## Task details:
Look for the line that has "1 Treibnetz, hängt" in the material below; please repeat it and every line after it, exactly, up to and including the line that has "Als erstes gab", and nothing else.

## Records for this exercise:
--------

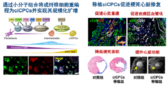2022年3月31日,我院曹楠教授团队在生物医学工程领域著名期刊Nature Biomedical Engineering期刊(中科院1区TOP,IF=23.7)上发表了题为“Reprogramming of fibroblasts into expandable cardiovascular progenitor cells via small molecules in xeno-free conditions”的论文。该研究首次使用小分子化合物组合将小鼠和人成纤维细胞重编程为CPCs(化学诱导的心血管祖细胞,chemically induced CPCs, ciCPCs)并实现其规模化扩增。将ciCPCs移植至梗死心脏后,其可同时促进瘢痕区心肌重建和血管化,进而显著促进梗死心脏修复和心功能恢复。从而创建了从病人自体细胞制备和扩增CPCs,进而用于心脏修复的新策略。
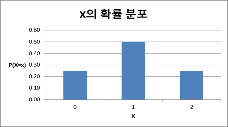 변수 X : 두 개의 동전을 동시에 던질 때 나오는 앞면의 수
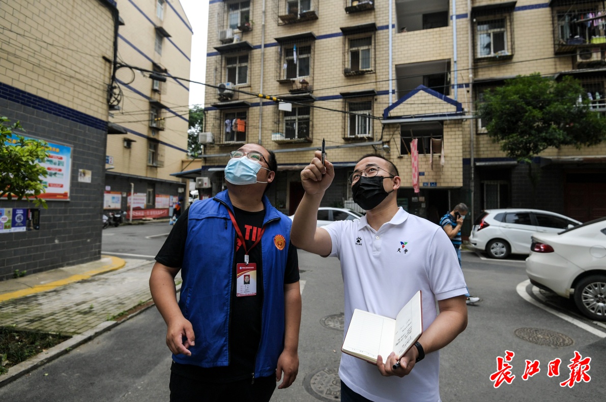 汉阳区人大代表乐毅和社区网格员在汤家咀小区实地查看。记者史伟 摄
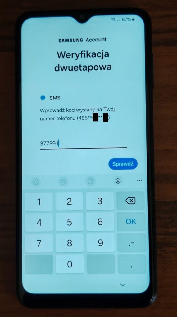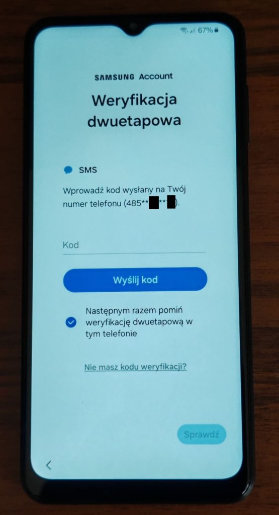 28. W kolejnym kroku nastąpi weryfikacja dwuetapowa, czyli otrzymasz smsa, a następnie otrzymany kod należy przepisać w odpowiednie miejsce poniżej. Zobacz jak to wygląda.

--------

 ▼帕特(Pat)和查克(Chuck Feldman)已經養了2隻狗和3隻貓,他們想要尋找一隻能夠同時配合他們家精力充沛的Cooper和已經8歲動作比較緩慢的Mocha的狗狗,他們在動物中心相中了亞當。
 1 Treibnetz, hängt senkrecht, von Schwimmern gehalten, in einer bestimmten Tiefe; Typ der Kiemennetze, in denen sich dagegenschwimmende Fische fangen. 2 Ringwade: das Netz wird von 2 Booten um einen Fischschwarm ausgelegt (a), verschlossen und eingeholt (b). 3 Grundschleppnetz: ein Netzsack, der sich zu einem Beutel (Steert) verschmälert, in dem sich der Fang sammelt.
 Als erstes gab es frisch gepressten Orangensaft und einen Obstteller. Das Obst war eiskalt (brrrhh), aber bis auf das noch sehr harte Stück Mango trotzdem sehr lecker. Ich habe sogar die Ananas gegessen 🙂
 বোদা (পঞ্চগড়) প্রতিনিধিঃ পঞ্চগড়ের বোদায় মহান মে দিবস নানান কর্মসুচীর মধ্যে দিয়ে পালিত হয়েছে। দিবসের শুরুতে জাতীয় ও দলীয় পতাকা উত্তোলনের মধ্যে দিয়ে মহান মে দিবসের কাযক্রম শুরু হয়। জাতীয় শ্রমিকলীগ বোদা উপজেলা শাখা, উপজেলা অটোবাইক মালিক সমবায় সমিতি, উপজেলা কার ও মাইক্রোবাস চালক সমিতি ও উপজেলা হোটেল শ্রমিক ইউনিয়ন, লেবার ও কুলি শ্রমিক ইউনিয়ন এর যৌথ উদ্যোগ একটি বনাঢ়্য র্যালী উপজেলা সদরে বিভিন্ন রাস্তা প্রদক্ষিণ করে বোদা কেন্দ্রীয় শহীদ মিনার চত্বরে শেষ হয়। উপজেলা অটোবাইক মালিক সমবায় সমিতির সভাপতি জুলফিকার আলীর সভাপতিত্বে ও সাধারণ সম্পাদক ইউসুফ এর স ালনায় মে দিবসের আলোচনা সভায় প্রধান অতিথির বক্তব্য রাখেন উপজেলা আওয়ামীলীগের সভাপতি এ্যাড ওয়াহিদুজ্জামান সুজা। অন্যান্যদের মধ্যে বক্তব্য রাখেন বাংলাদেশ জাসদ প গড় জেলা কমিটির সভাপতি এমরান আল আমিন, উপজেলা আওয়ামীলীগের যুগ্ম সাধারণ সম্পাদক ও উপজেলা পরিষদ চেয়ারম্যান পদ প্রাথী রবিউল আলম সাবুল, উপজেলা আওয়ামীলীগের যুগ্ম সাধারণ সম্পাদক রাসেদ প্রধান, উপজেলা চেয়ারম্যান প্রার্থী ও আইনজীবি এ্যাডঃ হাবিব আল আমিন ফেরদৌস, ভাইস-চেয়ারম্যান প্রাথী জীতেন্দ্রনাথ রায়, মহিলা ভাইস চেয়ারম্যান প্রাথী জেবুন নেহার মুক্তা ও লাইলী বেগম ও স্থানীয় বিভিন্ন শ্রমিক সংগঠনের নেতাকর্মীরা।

--------

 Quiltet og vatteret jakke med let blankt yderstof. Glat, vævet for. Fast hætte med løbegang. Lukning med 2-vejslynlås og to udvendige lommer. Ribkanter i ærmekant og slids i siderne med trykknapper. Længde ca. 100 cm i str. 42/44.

--------

## Response to this exercise:
 1 Treibnetz, hängt senkrecht, von Schwimmern gehalten, in einer bestimmten Tiefe; Typ der Kiemennetze, in denen sich dagegenschwimmende Fische fangen. 2 Ringwade: das Netz wird von 2 Booten um einen Fischschwarm ausgelegt (a), verschlossen und eingeholt (b). 3 Grundschleppnetz: ein Netzsack, der sich zu einem Beutel (Steert) verschmälert, in dem sich der Fang sammelt.
 Als erstes gab es frisch gepressten Orangensaft und einen Obstteller. Das Obst war eiskalt (brrrhh), aber bis auf das noch sehr harte Stück Mango trotzdem sehr lecker. Ich habe sogar die Ananas gegessen 🙂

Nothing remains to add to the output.